* TASK REQUIREMENTS
Copy every record exactly as it appears in the data below.

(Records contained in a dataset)

= = =

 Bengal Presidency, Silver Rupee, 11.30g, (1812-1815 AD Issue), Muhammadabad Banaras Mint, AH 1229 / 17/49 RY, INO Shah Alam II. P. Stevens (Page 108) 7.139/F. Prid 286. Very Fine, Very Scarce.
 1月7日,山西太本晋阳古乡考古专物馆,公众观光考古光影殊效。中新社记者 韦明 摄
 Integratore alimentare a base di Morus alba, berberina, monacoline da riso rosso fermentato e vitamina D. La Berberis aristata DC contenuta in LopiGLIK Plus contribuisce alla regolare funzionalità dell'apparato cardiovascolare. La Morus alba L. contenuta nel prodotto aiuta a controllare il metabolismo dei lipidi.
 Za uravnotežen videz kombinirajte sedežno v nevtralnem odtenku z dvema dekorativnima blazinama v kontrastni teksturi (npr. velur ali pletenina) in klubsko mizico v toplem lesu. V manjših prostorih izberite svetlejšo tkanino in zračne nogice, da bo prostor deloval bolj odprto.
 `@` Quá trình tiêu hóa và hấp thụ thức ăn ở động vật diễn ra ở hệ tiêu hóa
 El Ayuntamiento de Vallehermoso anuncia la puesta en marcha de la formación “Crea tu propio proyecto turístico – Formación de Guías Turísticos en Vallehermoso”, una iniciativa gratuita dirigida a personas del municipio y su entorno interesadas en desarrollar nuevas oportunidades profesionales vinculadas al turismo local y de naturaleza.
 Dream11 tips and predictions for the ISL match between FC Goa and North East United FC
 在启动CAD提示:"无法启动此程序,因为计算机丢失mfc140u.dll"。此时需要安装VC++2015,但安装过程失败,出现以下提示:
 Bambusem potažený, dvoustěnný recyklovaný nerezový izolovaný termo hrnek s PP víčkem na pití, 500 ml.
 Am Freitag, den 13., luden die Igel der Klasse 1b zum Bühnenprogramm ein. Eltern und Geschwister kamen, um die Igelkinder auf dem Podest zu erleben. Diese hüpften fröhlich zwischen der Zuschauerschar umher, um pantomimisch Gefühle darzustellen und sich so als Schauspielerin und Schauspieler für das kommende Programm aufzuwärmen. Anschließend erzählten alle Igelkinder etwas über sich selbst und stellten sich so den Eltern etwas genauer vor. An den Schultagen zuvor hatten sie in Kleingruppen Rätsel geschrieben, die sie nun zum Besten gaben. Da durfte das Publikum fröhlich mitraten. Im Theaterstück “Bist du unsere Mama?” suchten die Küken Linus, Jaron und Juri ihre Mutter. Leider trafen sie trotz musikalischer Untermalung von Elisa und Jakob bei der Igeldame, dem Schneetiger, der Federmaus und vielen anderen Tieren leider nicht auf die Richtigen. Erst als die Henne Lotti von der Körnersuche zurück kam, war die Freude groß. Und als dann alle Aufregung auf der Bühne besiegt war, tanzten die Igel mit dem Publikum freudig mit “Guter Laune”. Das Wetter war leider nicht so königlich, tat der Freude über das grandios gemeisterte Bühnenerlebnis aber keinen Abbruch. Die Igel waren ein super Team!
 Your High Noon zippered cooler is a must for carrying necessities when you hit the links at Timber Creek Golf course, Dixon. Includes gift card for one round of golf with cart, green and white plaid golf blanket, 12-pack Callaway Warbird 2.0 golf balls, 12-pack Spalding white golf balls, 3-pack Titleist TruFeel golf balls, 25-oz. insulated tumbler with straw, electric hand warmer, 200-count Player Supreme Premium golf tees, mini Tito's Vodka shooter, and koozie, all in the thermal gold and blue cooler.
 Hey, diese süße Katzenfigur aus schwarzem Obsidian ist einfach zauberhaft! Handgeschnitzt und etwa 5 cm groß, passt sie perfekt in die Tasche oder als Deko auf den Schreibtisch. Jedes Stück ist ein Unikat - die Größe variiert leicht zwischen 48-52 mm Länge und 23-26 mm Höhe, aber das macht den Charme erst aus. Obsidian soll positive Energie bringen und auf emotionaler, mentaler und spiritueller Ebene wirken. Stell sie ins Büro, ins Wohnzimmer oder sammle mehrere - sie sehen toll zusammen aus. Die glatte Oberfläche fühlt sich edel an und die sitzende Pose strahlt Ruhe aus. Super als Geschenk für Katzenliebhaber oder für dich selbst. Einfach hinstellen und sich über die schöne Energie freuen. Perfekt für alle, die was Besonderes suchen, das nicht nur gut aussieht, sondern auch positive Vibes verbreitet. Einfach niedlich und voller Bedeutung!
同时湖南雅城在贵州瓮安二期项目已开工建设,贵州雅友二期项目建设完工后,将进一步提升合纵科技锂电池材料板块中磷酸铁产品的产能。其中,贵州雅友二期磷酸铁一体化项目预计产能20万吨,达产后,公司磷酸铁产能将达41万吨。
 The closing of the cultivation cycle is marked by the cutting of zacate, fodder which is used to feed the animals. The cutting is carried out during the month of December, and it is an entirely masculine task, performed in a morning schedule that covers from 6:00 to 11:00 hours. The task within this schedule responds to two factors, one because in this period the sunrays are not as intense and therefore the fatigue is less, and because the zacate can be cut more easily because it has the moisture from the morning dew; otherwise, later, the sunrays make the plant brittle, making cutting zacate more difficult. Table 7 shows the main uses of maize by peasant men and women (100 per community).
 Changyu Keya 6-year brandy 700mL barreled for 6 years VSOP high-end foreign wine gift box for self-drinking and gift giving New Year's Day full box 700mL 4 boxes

= = =

* ANSWER AREA
 Bengal Presidency, Silver Rupee, 11.30g, (1812-1815 AD Issue), Muhammadabad Banaras Mint, AH 1229 / 17/49 RY, INO Shah Alam II. P. Stevens (Page 108) 7.139/F. Prid 286. Very Fine, Very Scarce.
 1月7日,山西太本晋阳古乡考古专物馆,公众观光考古光影殊效。中新社记者 韦明 摄
 Integratore alimentare a base di Morus alba, berberina, monacoline da riso rosso fermentato e vitamina D. La Berberis aristata DC contenuta in LopiGLIK Plus contribuisce alla regolare funzionalità dell'apparato cardiovascolare. La Morus alba L. contenuta nel prodotto aiuta a controllare il metabolismo dei lipidi.
 Za uravnotežen videz kombinirajte sedežno v nevtralnem odtenku z dvema dekorativnima blazinama v kontrastni teksturi (npr. velur ali pletenina) in klubsko mizico v toplem lesu. V manjših prostorih izberite svetlejšo tkanino in zračne nogice, da bo prostor deloval bolj odprto.
 `@` Quá trình tiêu hóa và hấp thụ thức ăn ở động vật diễn ra ở hệ tiêu hóa
 El Ayuntamiento de Vallehermoso anuncia la puesta en marcha de la formación “Crea tu propio proyecto turístico – Formación de Guías Turísticos en Vallehermoso”, una iniciativa gratuita dirigida a personas del municipio y su entorno interesadas en desarrollar nuevas oportunidades profesionales vinculadas al turismo local y de naturaleza.
 Dream11 tips and predictions for the ISL match between FC Goa and North East United FC
 在启动CAD提示:"无法启动此程序,因为计算机丢失mfc140u.dll"。此时需要安装VC++2015,但安装过程失败,出现以下提示:
 Bambusem potažený, dvoustěnný recyklovaný nerezový izolovaný termo hrnek s PP víčkem na pití, 500 ml.
 Am Freitag, den 13., luden die Igel der Klasse 1b zum Bühnenprogramm ein. Eltern und Geschwister kamen, um die Igelkinder auf dem Podest zu erleben. Diese hüpften fröhlich zwischen der Zuschauerschar umher, um pantomimisch Gefühle darzustellen und sich so als Schauspielerin und Schauspieler für das kommende Programm aufzuwärmen. Anschließend erzählten alle Igelkinder etwas über sich selbst und stellten sich so den Eltern etwas genauer vor. An den Schultagen zuvor hatten sie in Kleingruppen Rätsel geschrieben, die sie nun zum Besten gaben. Da durfte das Publikum fröhlich mitraten. Im Theaterstück “Bist du unsere Mama?” suchten die Küken Linus, Jaron und Juri ihre Mutter. Leider trafen sie trotz musikalischer Untermalung von Elisa und Jakob bei der Igeldame, dem Schneetiger, der Federmaus und vielen anderen Tieren leider nicht auf die Richtigen. Erst als die Henne Lotti von der Körnersuche zurück kam, war die Freude groß. Und als dann alle Aufregung auf der Bühne besiegt war, tanzten die Igel mit dem Publikum freudig mit “Guter Laune”. Das Wetter war leider nicht so königlich, tat der Freude über das grandios gemeisterte Bühnenerlebnis aber keinen Abbruch. Die Igel waren ein super Team!
 Your High Noon zippered cooler is a must for carrying necessities when you hit the links at Timber Creek Golf course, Dixon. Includes gift card for one round of golf with cart, green and white plaid golf blanket, 12-pack Callaway Warbird 2.0 golf balls, 12-pack Spalding white golf balls, 3-pack Titleist TruFeel golf balls, 25-oz. insulated tumbler with straw, electric hand warmer, 200-count Player Supreme Premium golf tees, mini Tito's Vodka shooter, and koozie, all in the thermal gold and blue cooler.
 Hey, diese süße Katzenfigur aus schwarzem Obsidian ist einfach zauberhaft! Handgeschnitzt und etwa 5 cm groß, passt sie perfekt in die Tasche oder als Deko auf den Schreibtisch. Jedes Stück ist ein Unikat - die Größe variiert leicht zwischen 48-52 mm Länge und 23-26 mm Höhe, aber das macht den Charme erst aus. Obsidian soll positive Energie bringen und auf emotionaler, mentaler und spiritueller Ebene wirken. Stell sie ins Büro, ins Wohnzimmer oder sammle mehrere - sie sehen toll zusammen aus. Die glatte Oberfläche fühlt sich edel an und die sitzende Pose strahlt Ruhe aus. Super als Geschenk für Katzenliebhaber oder für dich selbst. Einfach hinstellen und sich über die schöne Energie freuen. Perfekt für alle, die was Besonderes suchen, das nicht nur gut aussieht, sondern auch positive Vibes verbreitet. Einfach niedlich und voller Bedeutung!
同时湖南雅城在贵州瓮安二期项目已开工建设,贵州雅友二期项目建设完工后,将进一步提升合纵科技锂电池材料板块中磷酸铁产品的产能。其中,贵州雅友二期磷酸铁一体化项目预计产能20万吨,达产后,公司磷酸铁产能将达41万吨。
 The closing of the cultivation cycle is marked by the cutting of zacate, fodder which is used to feed the animals. The cutting is carried out during the month of December, and it is an entirely masculine task, performed in a morning schedule that covers from 6:00 to 11:00 hours. The task within this schedule responds to two factors, one because in this period the sunrays are not as intense and therefore the fatigue is less, and because the zacate can be cut more easily because it has the moisture from the morning dew; otherwise, later, the sunrays make the plant brittle, making cutting zacate more difficult. Table 7 shows the main uses of maize by peasant men and women (100 per community).
 Changyu Keya 6-year brandy 700mL barreled for 6 years VSOP high-end foreign wine gift box for self-drinking and gift giving New Year's Day full box 700mL 4 boxes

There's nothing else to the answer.